_EXERCISE AIM_
Which lines belong in your copy? Those from the start of the data through the line with "The original Macintosh", exactly as written, without any pictures.

____

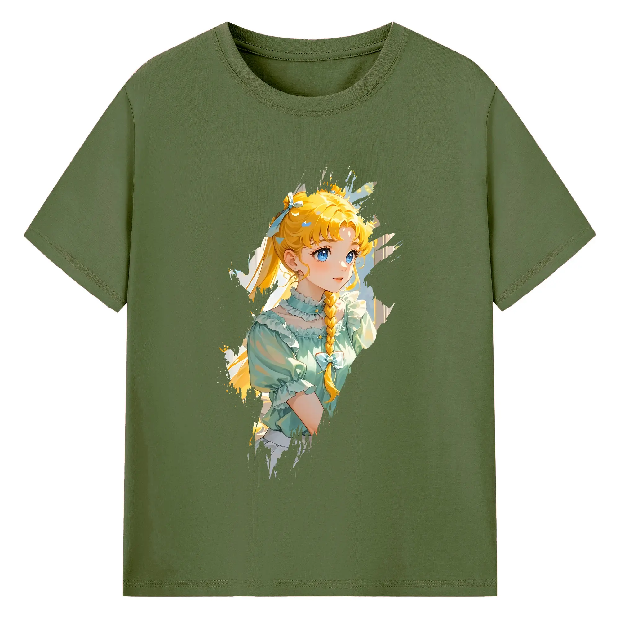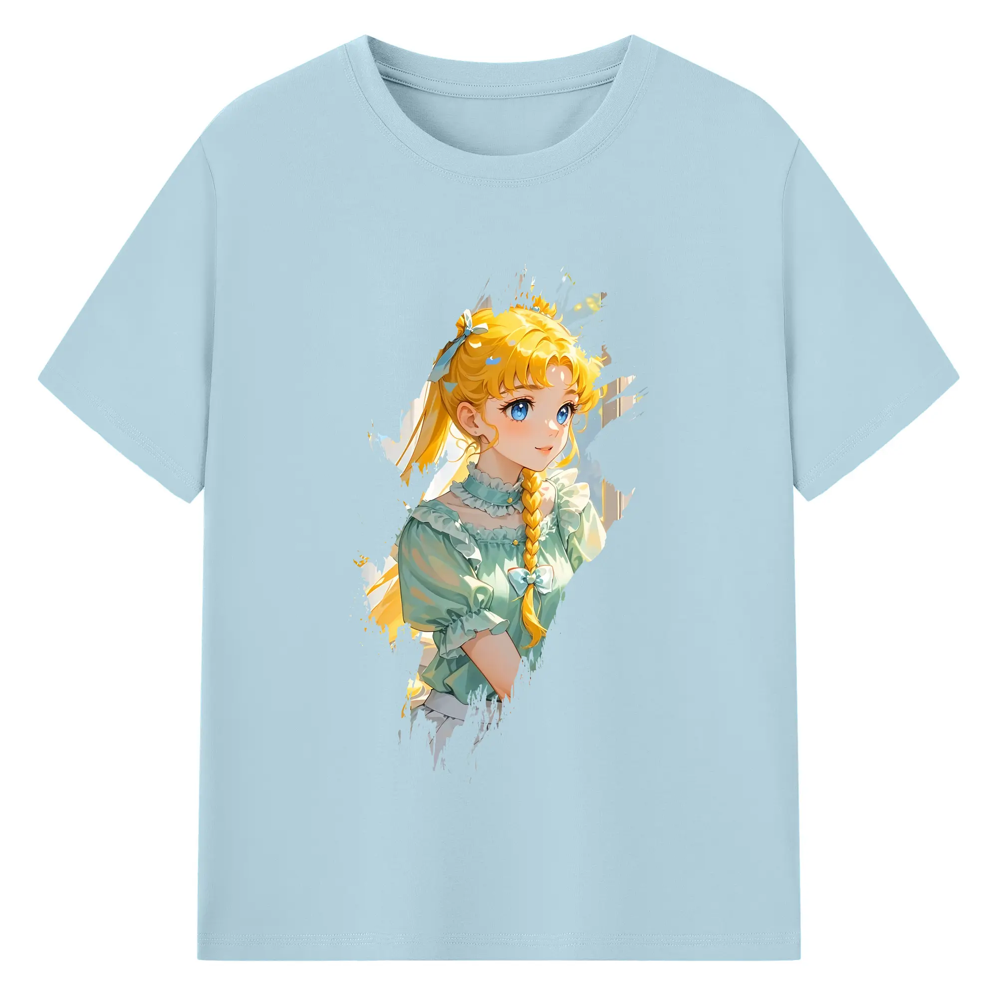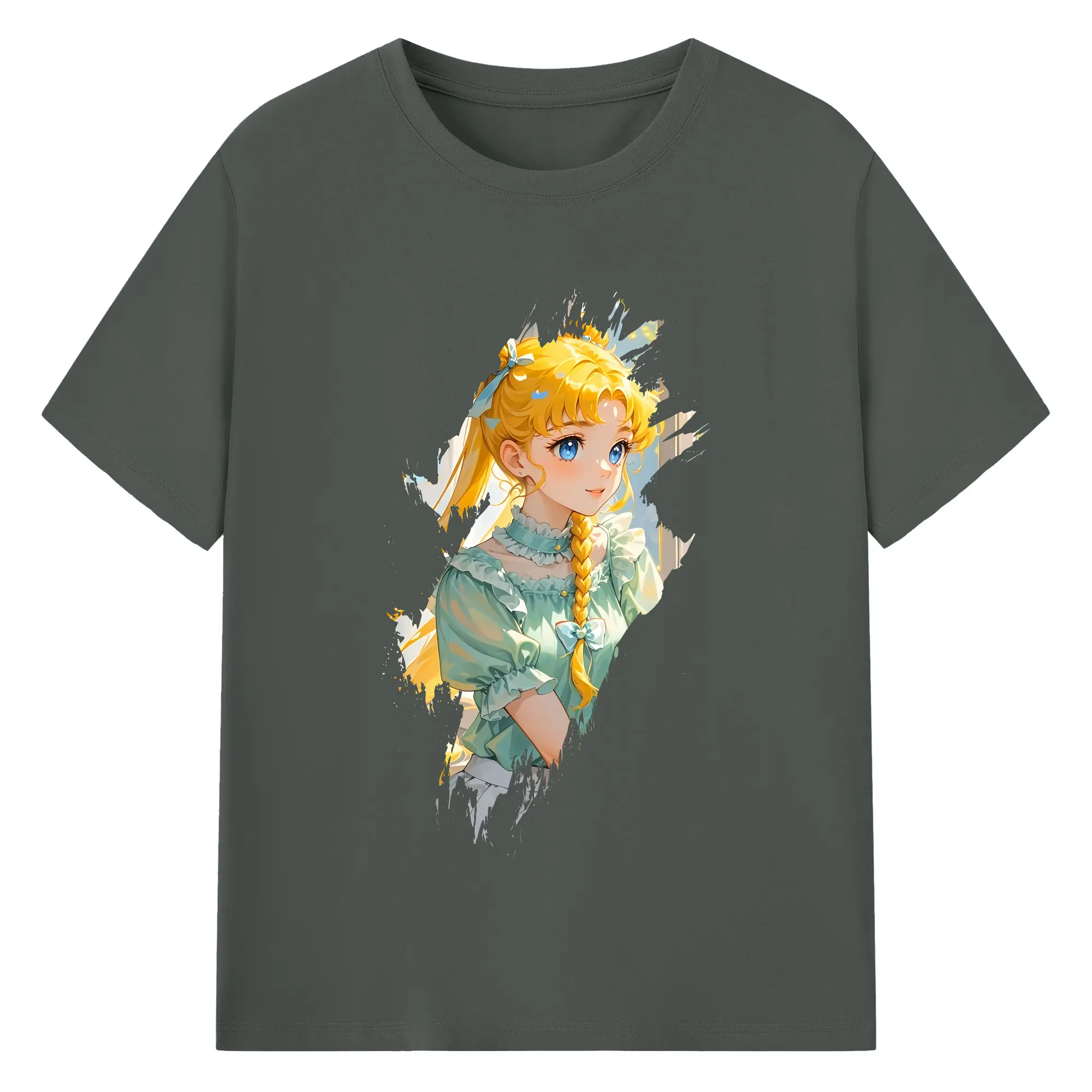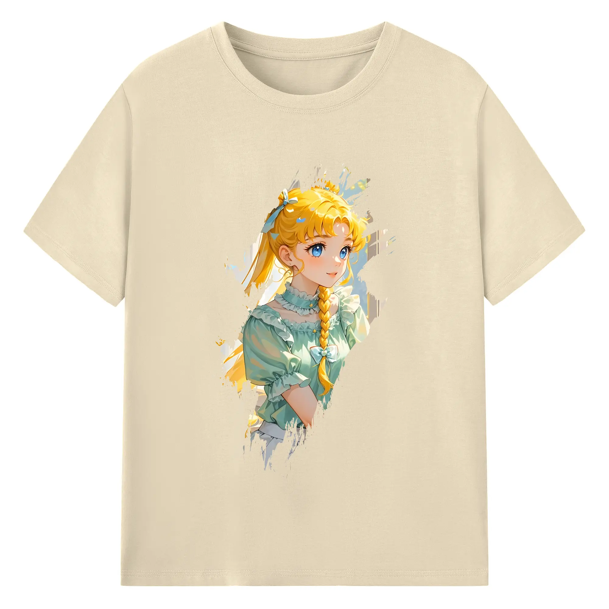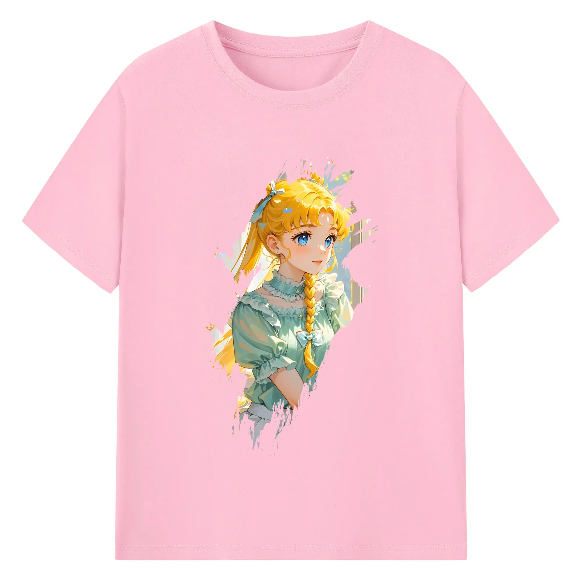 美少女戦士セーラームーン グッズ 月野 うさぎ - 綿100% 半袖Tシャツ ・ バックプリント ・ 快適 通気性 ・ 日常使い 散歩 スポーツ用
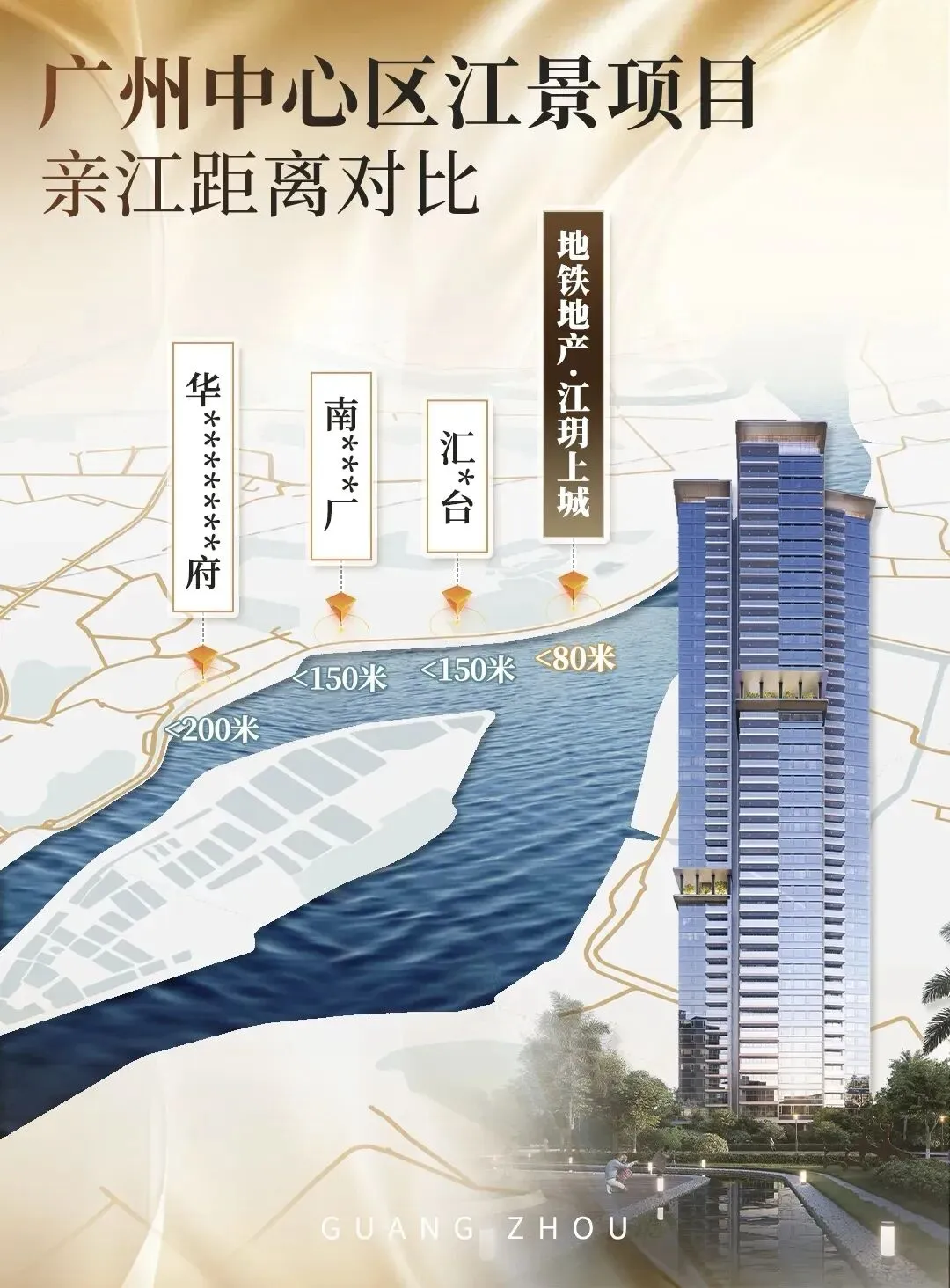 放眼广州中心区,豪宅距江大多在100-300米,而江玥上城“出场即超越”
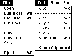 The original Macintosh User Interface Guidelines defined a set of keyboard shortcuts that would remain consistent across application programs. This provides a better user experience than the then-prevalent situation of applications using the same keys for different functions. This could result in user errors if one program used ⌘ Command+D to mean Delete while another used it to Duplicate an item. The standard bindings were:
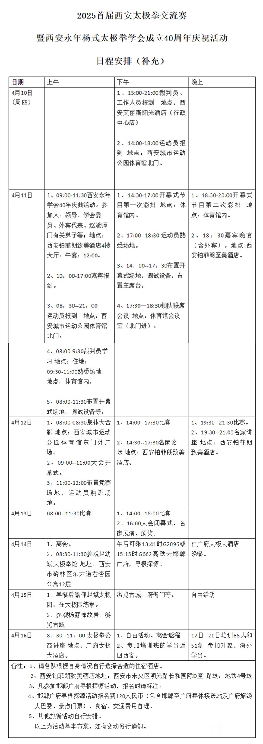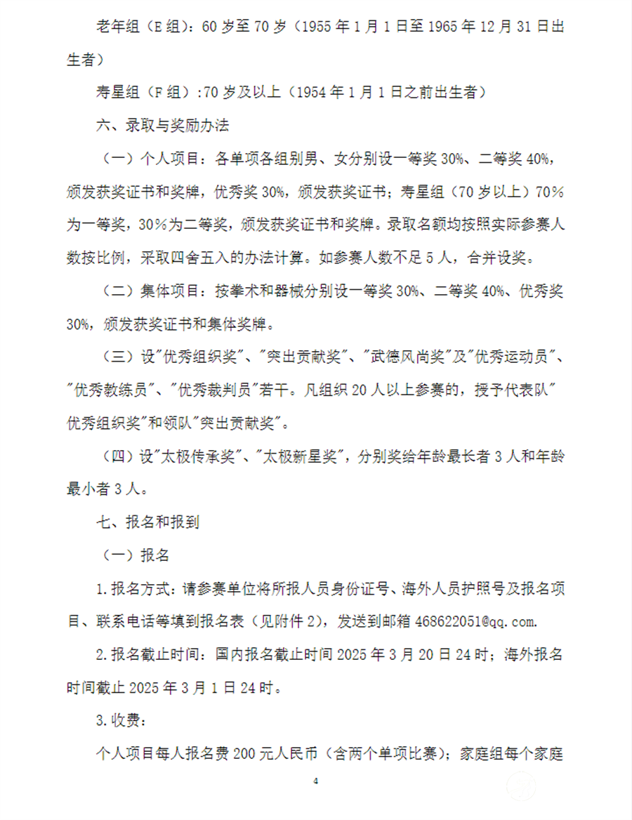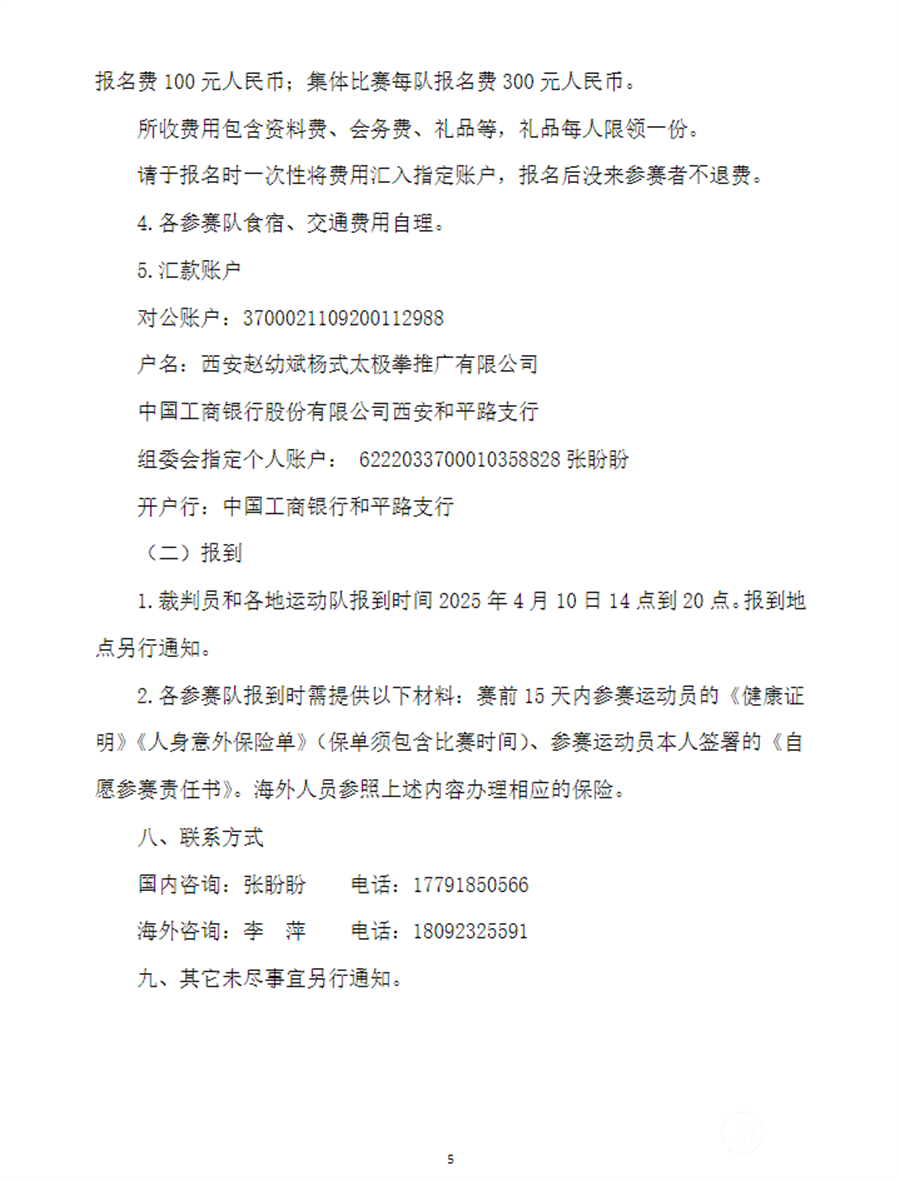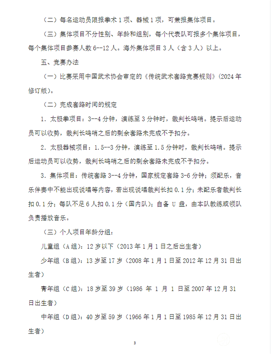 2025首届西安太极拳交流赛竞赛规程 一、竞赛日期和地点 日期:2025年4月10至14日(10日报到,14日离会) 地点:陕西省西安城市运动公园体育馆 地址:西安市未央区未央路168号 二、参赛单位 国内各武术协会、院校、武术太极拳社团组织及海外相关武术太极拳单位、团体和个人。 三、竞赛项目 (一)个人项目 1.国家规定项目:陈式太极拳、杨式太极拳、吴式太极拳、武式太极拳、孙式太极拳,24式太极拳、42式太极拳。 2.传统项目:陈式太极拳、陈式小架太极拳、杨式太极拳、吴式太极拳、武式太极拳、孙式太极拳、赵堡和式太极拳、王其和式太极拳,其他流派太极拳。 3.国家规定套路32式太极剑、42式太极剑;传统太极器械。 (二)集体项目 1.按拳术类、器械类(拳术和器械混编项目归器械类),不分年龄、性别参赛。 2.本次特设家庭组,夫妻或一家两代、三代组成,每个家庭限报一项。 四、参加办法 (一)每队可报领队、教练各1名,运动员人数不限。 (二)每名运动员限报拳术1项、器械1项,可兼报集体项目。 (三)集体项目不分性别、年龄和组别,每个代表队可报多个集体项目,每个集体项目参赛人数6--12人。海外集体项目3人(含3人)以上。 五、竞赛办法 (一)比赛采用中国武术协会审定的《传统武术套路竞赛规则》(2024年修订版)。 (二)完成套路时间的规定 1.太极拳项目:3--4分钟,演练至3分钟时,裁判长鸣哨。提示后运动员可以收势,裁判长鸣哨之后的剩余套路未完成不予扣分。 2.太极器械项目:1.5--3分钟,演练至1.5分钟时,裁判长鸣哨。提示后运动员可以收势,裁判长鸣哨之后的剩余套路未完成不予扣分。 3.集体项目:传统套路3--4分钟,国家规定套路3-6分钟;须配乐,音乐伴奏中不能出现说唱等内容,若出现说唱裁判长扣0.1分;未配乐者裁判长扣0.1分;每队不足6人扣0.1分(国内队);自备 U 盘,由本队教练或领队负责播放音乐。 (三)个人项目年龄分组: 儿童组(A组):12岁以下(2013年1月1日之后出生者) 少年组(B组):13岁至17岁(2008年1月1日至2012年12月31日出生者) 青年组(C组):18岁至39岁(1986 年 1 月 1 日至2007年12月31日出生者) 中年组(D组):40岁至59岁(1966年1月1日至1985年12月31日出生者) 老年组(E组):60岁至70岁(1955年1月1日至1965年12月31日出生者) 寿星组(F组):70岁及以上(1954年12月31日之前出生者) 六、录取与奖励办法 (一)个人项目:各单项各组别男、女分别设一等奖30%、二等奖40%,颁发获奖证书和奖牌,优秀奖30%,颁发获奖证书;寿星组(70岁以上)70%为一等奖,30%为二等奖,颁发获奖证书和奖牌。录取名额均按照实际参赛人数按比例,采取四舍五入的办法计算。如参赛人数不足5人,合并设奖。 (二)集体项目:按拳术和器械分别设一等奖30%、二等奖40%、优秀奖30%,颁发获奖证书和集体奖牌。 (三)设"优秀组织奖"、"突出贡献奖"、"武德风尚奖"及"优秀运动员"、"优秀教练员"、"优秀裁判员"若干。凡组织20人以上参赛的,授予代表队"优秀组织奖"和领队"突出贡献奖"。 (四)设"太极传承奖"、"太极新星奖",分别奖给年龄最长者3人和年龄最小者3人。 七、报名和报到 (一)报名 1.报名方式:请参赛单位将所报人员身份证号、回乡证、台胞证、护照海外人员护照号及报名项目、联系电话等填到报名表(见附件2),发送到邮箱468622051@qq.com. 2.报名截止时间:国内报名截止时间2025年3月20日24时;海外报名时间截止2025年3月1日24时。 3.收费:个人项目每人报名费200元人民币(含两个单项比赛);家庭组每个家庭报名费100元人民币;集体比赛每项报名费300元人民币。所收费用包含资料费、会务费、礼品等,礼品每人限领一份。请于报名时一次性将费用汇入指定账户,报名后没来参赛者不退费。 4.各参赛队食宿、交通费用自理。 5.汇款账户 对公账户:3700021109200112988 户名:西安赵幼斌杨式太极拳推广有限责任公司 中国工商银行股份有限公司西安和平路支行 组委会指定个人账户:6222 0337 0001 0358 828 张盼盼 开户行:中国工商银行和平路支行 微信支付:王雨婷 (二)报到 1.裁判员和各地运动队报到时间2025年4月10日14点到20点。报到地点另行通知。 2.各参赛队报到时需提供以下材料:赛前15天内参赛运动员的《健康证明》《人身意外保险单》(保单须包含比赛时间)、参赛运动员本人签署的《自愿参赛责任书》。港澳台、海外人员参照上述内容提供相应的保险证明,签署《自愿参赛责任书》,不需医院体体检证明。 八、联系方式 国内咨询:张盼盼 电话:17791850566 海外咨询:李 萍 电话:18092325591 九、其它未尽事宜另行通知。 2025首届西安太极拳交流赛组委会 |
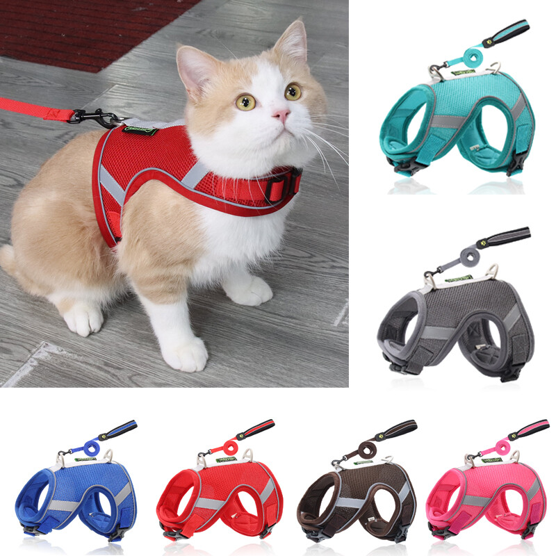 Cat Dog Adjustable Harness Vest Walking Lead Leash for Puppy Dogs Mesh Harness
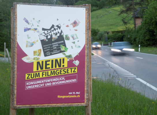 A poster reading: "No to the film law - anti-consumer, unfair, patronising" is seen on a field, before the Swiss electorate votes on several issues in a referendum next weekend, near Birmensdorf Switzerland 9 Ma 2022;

____

_EXPECTED ANSWER_
 美少女戦士セーラームーン グッズ 月野 うさぎ - 綿100% 半袖Tシャツ ・ バックプリント ・ 快適 通気性 ・ 日常使い 散歩 スポーツ用
 放眼广州中心区,豪宅距江大多在100-300米,而江玥上城“出场即超越”
 The original Macintosh User Interface Guidelines defined a set of keyboard shortcuts that would remain consistent across application programs. This provides a better user experience than the then-prevalent situation of applications using the same keys for different functions. This could result in user errors if one program used ⌘ Command+D to mean Delete while another used it to Duplicate an item. The standard bindings were:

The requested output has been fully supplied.